A critical report issued by Austria’s Court of Audit will not stand in the way of the Albertina Museum’s acquisition of more than 1,300 works from the Essl collection, a gift worth an estimated €90m, says its director, Klaus Albrecht Schröder. On 16 November, the Rechnungshof published its assessment of the Albertina’s takeover of the Essl family’s collection of Austrian and international contemporary art, initially agreed as a long-term loan to the museum in 2017.
In October, Karlheinz Essl, the founder of the defunct Baumax chain of DIY shops, his wife Agnes and their son Martin agreed to donate their 40% share of the collection, once displayed at their private museum in Klosterneuberg, to the Albertina outright. The Austrian industrialist Hans Peter Haselsteiner, who acquired a 60% stake of the collection in 2014, when Baumax ran into financial trouble, is lending his works to the museum for at least 27 years. Haselsteiner is also funding the renovation of a new venue for the collection, the Künstlerhaus (artists’ house) on Vienna’s Karlsplatz, as well as the future costs of exhibiting and preserving the works.
While the state auditors acknowledged the significant growth of the Albertina’s collection in recent years, they criticised the Essl donation and recommended that the museum should only accept permanent loans of works that harmonise with its existing holdings. Schröder, who became director of the historic prints and drawings museum in 1999 (his mandate comes up for renewal in 2019), says: “We take the recommendations of the Rechnungshof very seriously. However, we have a different point of view concerning long-term loans and their importance for the presentation of contemporary art otherwise not represented in Viennese public museums.”

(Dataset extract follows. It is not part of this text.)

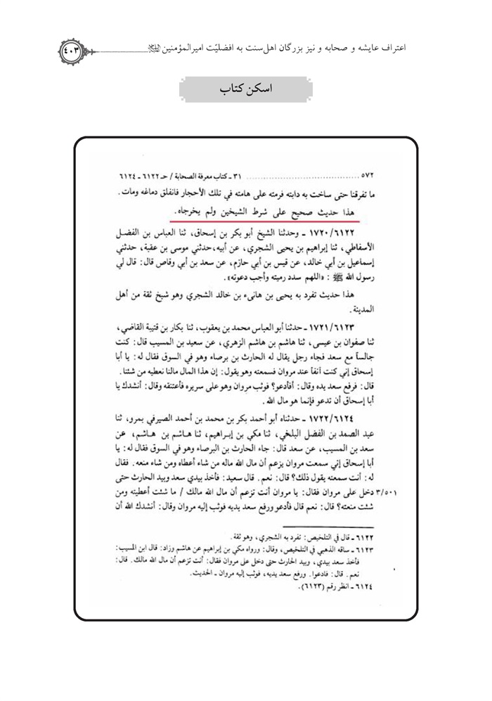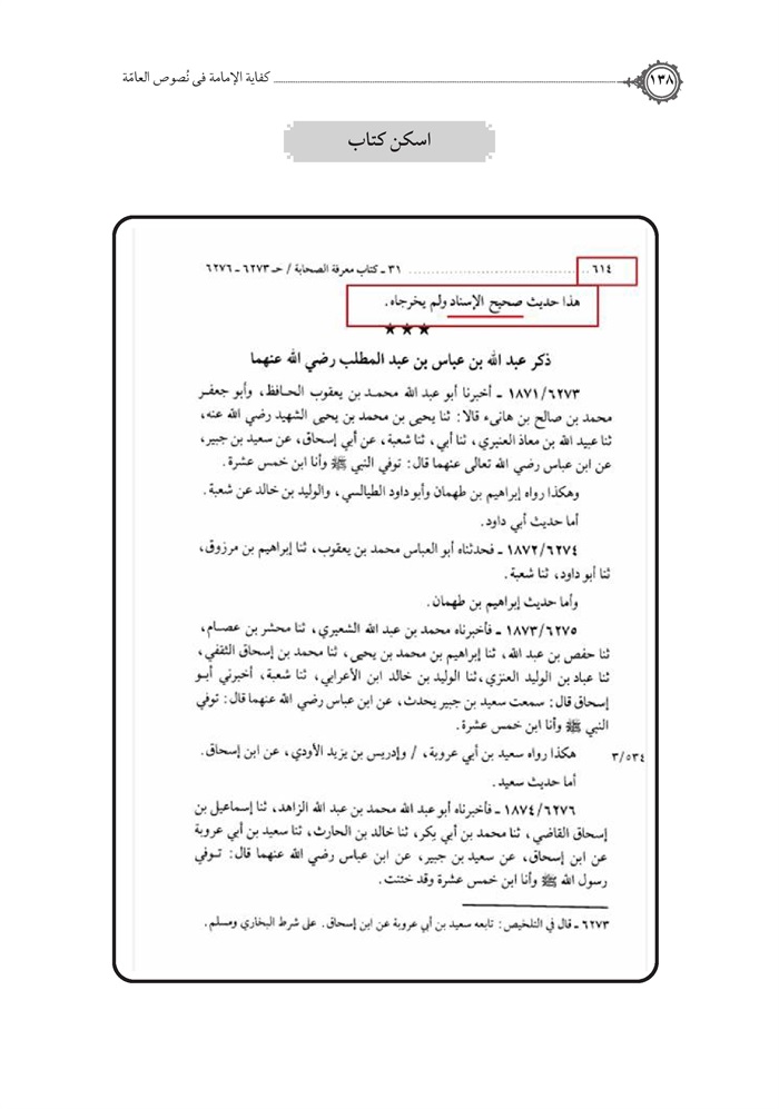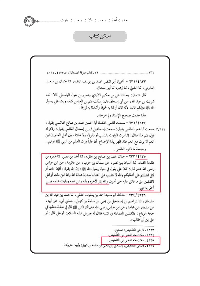روایت دوم با تصحیح حاکم نیشابوری و ذهبی134

From the beginning of his directorship, Schröder has driven the Albertina’s radical—and much criticised—shift towards Modern and contemporary art. He believes that the different media represented in the Essl gift will help the museum to evolve further. “It is a misunderstanding that paintings, sculptures, videos or installations do not harmonise with our collections—most of our contemporary collections are works on paper. It would be obsolete to isolate drawings and prints instead of presenting them together with other media,” he says.

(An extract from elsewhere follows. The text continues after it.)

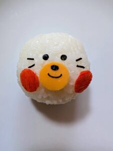 顔パーツは、カニカマ、チェダースライスチーズ、海苔を使い、接着はマヨネーズでします。

The auditors’ report also suggested that the museum should not rely on external funding to maintain new acquisitions. The Austrian state has agreed to provide €800,000 this year and €850,000 next to support the preservation and research of the Essl works. But the more valuable permanent deposit of 500 pieces of Modern art from the collectors Herbert and Rita Batliner in 2007 incurred far lower costs, the report states: €200,000 a year, compared to the anticipated €2.2m needed for the storage and presentation of the Essl collection. The Batliner collection also generated revenue, as a museum survey found that it was the main attraction for 47% of visitors to the Albertina between March 2015 and February 2016.
Schröder explains that the earlier gift was not as large as the Essl collection, “whose works, many of them very large, cannot all be shown permanently, so part of them will always have to be in storage”. The museum is planning a series of changing exhibitions of the works, “like with our collections of prints and drawings and almost every collection of contemporary art”, he says.
For Schröder, the Essl collection will enable the Albertina to fill a gap in Vienna’s museums landscape. “In Austria, we were missing a museum that shows the main Austrian tendencies and groups after 1945 on a semi-permanent basis,” he says, adding that the Albertina can now also offer other Austrian public institutions “long-term loans” of Essl works “to fill gaps in their collections”.
In April 2014, a trio of Austrian ministers decided not to buy Karlheinz Essl’s entire collection of around 5,000 works, then offered to the state for €86m, citing the government’s “financial limits”. Schröder was among the directors from the country’s leading public museums who had been consulted. “The general view was that the Essl collection was not interesting. I, however, thought it was, and I am still convinced of its quality,” he says.